Records drawn from a dataset
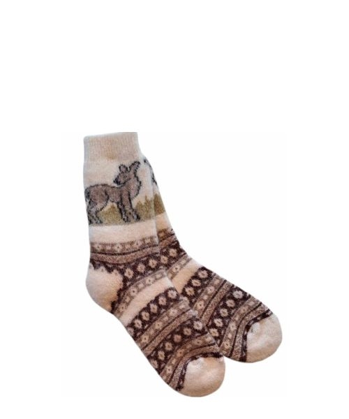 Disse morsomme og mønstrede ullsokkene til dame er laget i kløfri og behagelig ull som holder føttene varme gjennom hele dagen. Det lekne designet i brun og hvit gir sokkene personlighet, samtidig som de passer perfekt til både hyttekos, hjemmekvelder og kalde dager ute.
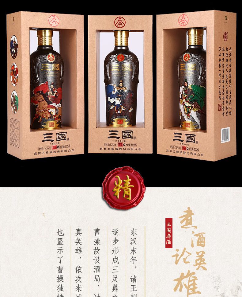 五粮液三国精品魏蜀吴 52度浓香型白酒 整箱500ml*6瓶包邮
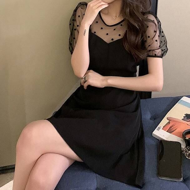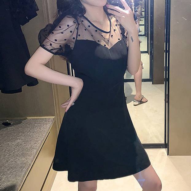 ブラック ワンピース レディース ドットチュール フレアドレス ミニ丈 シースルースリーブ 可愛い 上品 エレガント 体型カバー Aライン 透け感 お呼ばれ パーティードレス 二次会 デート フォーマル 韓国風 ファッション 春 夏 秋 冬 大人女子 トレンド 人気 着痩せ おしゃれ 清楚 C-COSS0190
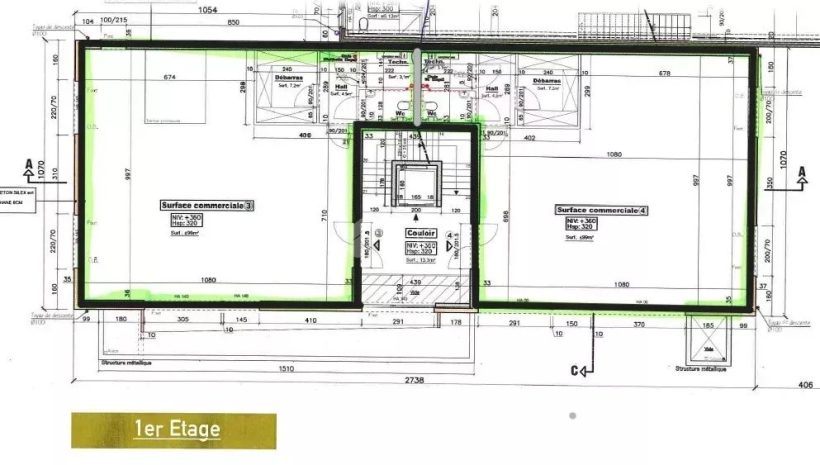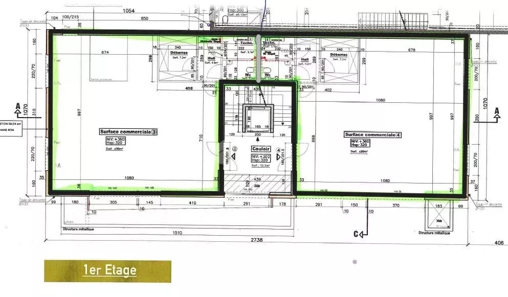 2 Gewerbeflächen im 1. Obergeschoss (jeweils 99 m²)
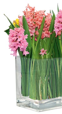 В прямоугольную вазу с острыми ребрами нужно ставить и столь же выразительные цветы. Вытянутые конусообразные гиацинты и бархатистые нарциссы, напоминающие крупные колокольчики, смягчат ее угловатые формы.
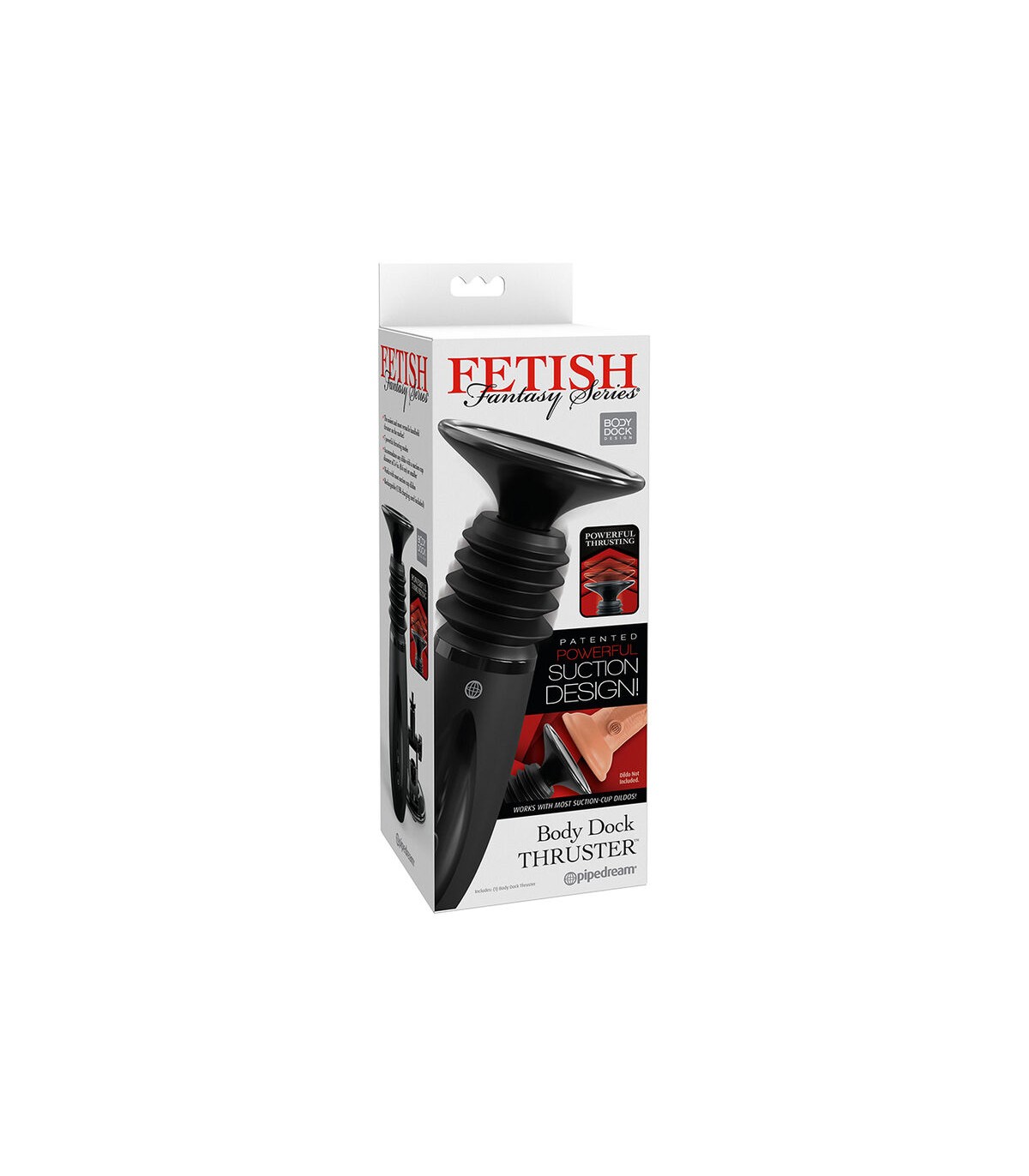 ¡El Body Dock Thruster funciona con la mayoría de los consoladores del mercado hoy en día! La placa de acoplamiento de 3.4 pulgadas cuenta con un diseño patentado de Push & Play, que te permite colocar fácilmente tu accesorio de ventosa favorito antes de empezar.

Required work: Please return, exactly as written, the lines from the first line of the records above through the line containing "五粮液三国精品魏蜀吴 52度浓香型白酒 整箱500ml*6瓶包邮", both included, leaving out any pictures.

Reply:
 Disse morsomme og mønstrede ullsokkene til dame er laget i kløfri og behagelig ull som holder føttene varme gjennom hele dagen. Det lekne designet i brun og hvit gir sokkene personlighet, samtidig som de passer perfekt til både hyttekos, hjemmekvelder og kalde dager ute.
 五粮液三国精品魏蜀吴 52度浓香型白酒 整箱500ml*6瓶包邮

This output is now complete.